- [DATASET EXCERPT]:
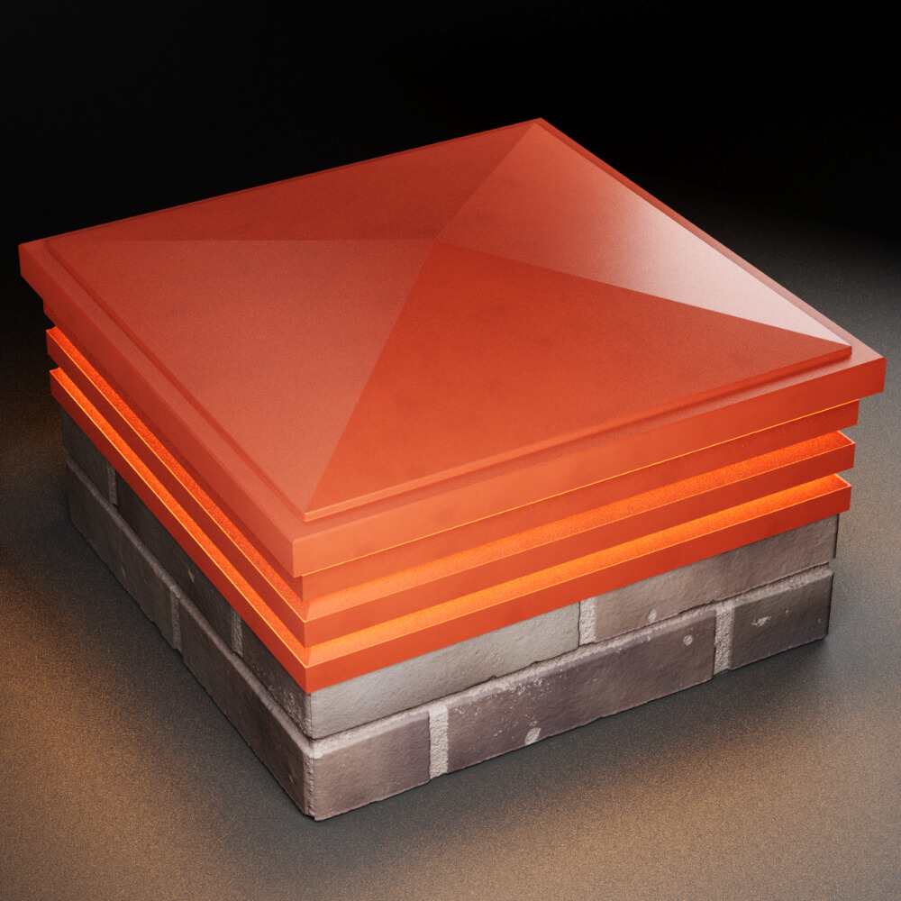 Преимущества колпака Бона ХайТек Красный на столб 2х2 кирпича с подсветкой
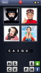 Pour exemple, prenez l’image ci dessus, on a un casque de moto, un casque de vélo, un casque audio, le mot qui met en commun ces 4 images est donc bien évidemment le mot « casque ». C’est facile pour celle-ci, mais d’autres vous poserons probablement plus de problèmes.
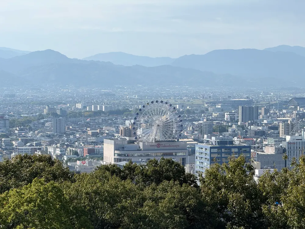 리프트 타고 올라간 직후 마쓰야마 시 전망을 봐봤습니다. 어젯밤에 탄 쿠루린 대관람차가 눈에 띄네요.

- [EXERCISE INSTRUCTIONS]: Copy the whole of the material above exactly, but not its images.

- [ANSWER BELOW]:
 Преимущества колпака Бона ХайТек Красный на столб 2х2 кирпича с подсветкой
 Pour exemple, prenez l’image ci dessus, on a un casque de moto, un casque de vélo, un casque audio, le mot qui met en commun ces 4 images est donc bien évidemment le mot « casque ». C’est facile pour celle-ci, mais d’autres vous poserons probablement plus de problèmes.
 리프트 타고 올라간 직후 마쓰야마 시 전망을 봐봤습니다. 어젯밤에 탄 쿠루린 대관람차가 눈에 띄네요.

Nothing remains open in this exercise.